Generated by GPT-5-mini| FLAN | |
|---|---|
| Name | FLAN |
| Type | Instruction-tuned transformer |
| Developer | Google Research |
| First released | 2022 |
| Latest release | 2023 |
| Programming language | Python |
| License | Research |
FLAN FLAN is an instruction-tuned family of transformer-based language models developed to improve zero-shot and few-shot generalization on natural language tasks. It combines pretraining on large-scale corpora with supervised fine-tuning on a diverse mixture of task instructions drawn from multiple datasets, enabling models to follow human-readable prompts across classification, generation, and reasoning problems. FLAN influenced subsequent work in prompt engineering, instruction tuning, and evaluation frameworks across industry and academia.

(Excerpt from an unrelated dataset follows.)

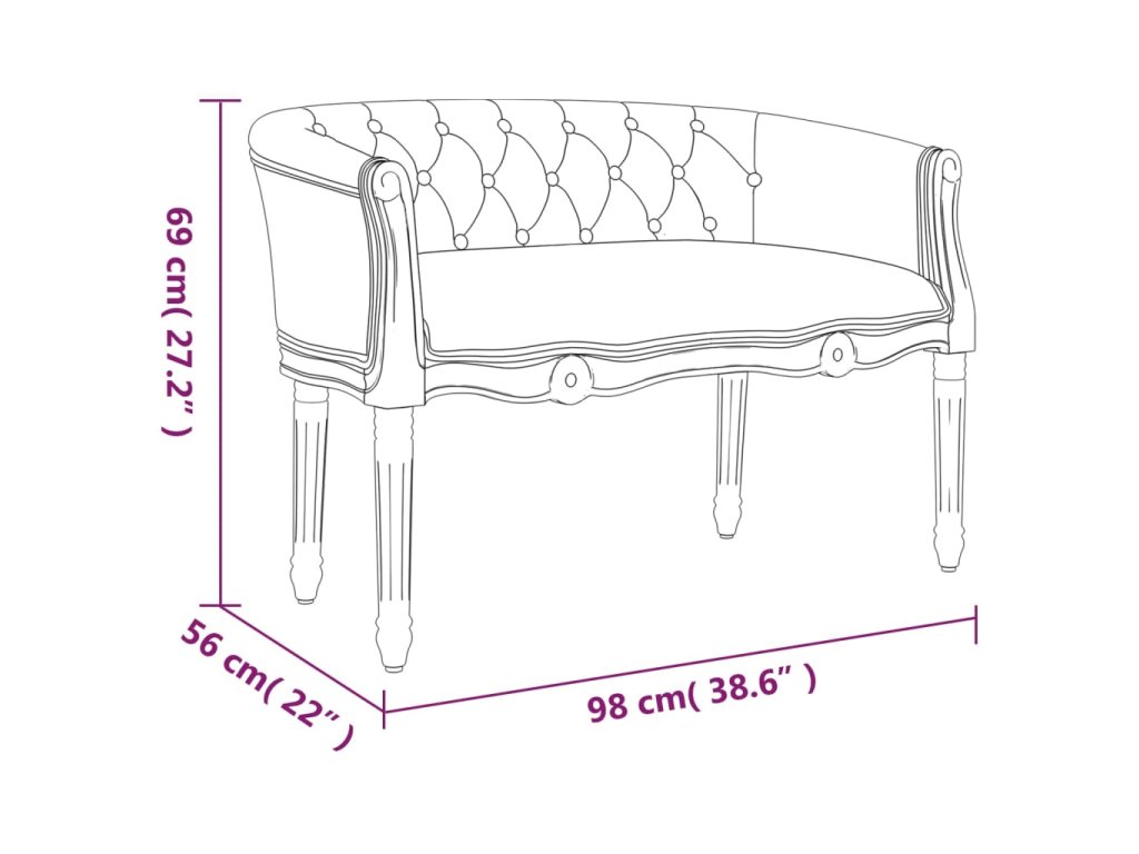 - Mäkký zamat: Táto lavička je vyrobená zo zamatu. Zamat je mäkká, luxusná látka, ktorá sa vyznačuje hustými rovnomerne strihanými vláknami, ktoré sú hladké na dotyk. Zamatová tkanina je jemná, vďaka čomu je pohodlná a príjemná na dotyk.

FLAN models are built on the transformer architecture popularized by Transformer research and optimized for instruction-following via supervised fine-tuning on curated task collections including datasets associated with GLUE, SuperGLUE, SQuAD, CoQA, and other community benchmarks. The approach emphasizes general-purpose adaptability, targeting improved performance on benchmarks produced by groups such as OpenAI, DeepMind, and academic labs at institutions like Stanford University and Massachusetts Institute of Technology. FLAN’s design choices intersect with deployment considerations faced by organizations such as Google LLC and research consortia like The Allen Institute for AI.

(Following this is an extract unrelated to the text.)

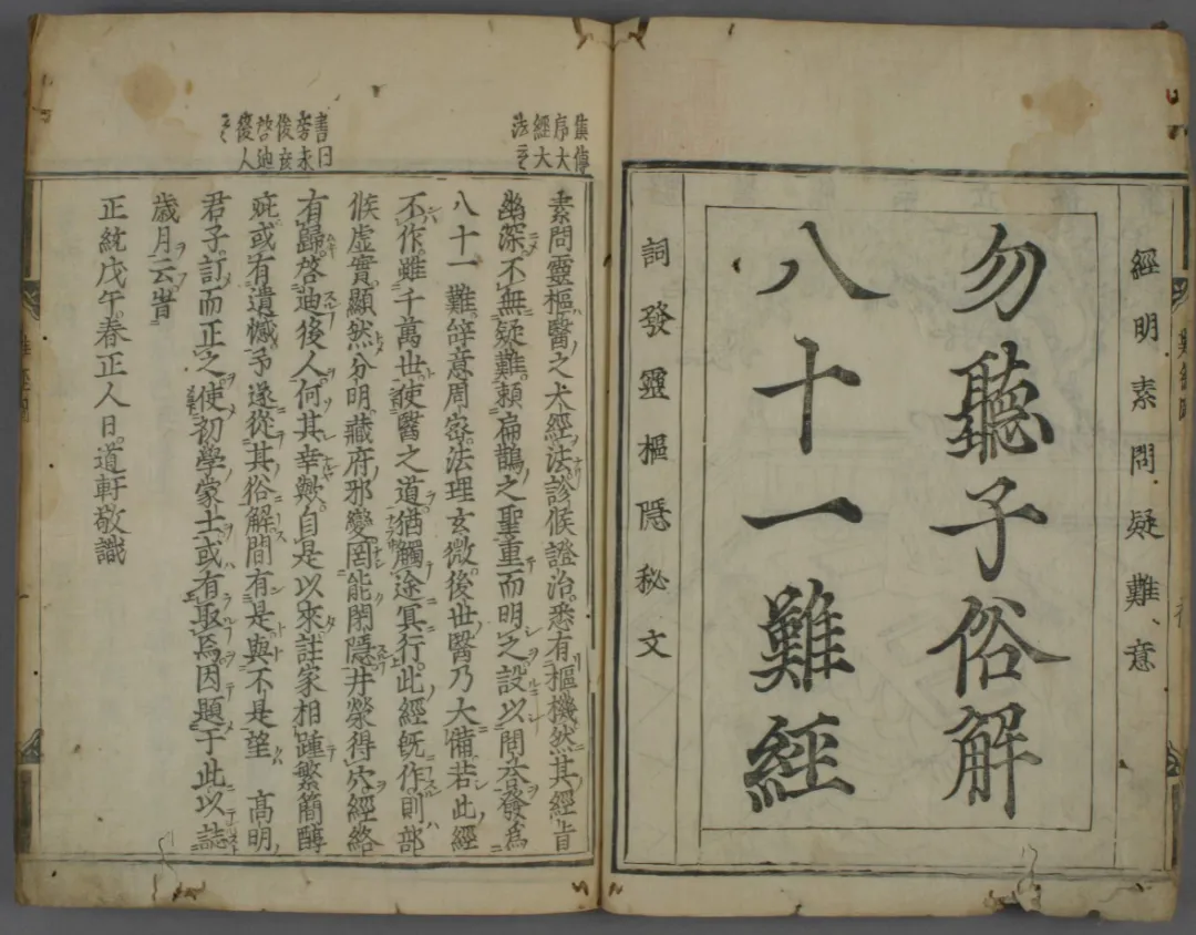 除张世贤注本外,另有南宋李駉所撰《黄帝八十一难经纂图句解》,成书于1269年,七卷,收入《正统道藏》太玄部,卷首有《难经注义图序论》载图三十八幅,图解脏腑、阴阳、营卫、脉象、经络等,也是《难经》图注本中的重要古籍。明代熊宗立《勿听子俗解八十一难经》亦于卷首绘图解二十八幅。这些“八十一难经图”古籍,以图释经、图文互证,是研读《难经》不可或缺的珍贵文献。

FLAN emerged from research programs at Google Research and affiliated teams that had previously contributed to transformer scaling studies and evaluation suites exemplified by work from Google Brain and collaborations with groups at Carnegie Mellon University and University of California, Berkeley. Early antecedents include instruction-style supervision experiments from labs such as OpenAI and methodology comparisons performed alongside datasets curated by Facebook AI Research and the Allen Institute for AI. The project timeline parallels advances in large-scale compute utilization at facilities managed by NVIDIA and cloud platforms operated by Google Cloud Platform and Amazon Web Services.
FLAN uses encoder-decoder and decoder-only variants based on transformer implementations informed by architecture work from Vaswani et al. and optimization techniques standardized across projects at Google DeepMind and Microsoft Research. Training pipelines employ distributed frameworks influenced by systems developed at TensorFlow and PyTorch ecosystems, leveraging TPU and GPU clusters provided via partnerships with NVIDIA and cloud providers. The fine-tuning corpus comprises instruction–response pairs aggregated from academic datasets and industry benchmarks maintained by entities such as Stanford Question Answering Dataset teams and the creators of Natural Questions.
Instruction tuning in FLAN involves converting diverse tasks into a unified instruction format, a strategy that echoes efforts by teams at OpenAI for reinforcement learning from human feedback and by researchers at Carnegie Mellon University experimenting with prompt templates. Variants of FLAN include models scaled in parameter counts and instruction mixture composition, comparable to product lines released by Google Research and other labs at sizes examined in papers from Stanford University and Massachusetts Institute of Technology researchers. Subsequent projects extended the FLAN paradigm into multilingual and domain-specific directions pursued by groups at Facebook AI Research and university labs in Europe and Asia.
FLAN demonstrated improved zero-shot and few-shot results on benchmark suites curated by the community, showing gains on tasks within GLUE, SuperGLUE, SQuAD, Natural Questions, and cross-dataset evaluations employed by research teams at OpenAI and DeepMind. Comparative studies assessed FLAN against contemporary models from OpenAI, Anthropic, and research prototypes from Microsoft Research, with evaluations run on hardware platforms produced by NVIDIA. Benchmarking employed metrics standardized in prior work at institutions including Stanford University and the Allen Institute for AI.
FLAN-style instruction-tuned models have been adapted for applications in conversational agents developed by product teams at Google LLC and startups founded by alumni of Stanford University and Massachusetts Institute of Technology. Use cases include question answering pipelines leveraging corpora associated with SQuAD and Natural Questions, content summarization workflows applied in newsrooms and enterprises linked to organizations such as The New York Times and Reuters, and interactive tutoring prototypes explored at educational centers like MIT Media Lab.
Researchers studying FLAN raised concerns similar to those discussed in policy reports from European Commission and ethics reviews at Harvard University and Oxford University, including risks of hallucination, dataset bias, and potential misuse in automated systems operated by corporations such as Meta Platforms and Amazon.com, Inc.. Limitations include sensitivity to instruction phrasing, domain shift issues observed in studies from Carnegie Mellon University, and compute/resource constraints noted by teams at Google Research and Microsoft Research. Mitigation strategies mirror recommendations from multi-stakeholder forums convened by UNESCO and national research bodies in their guidance on responsible AI.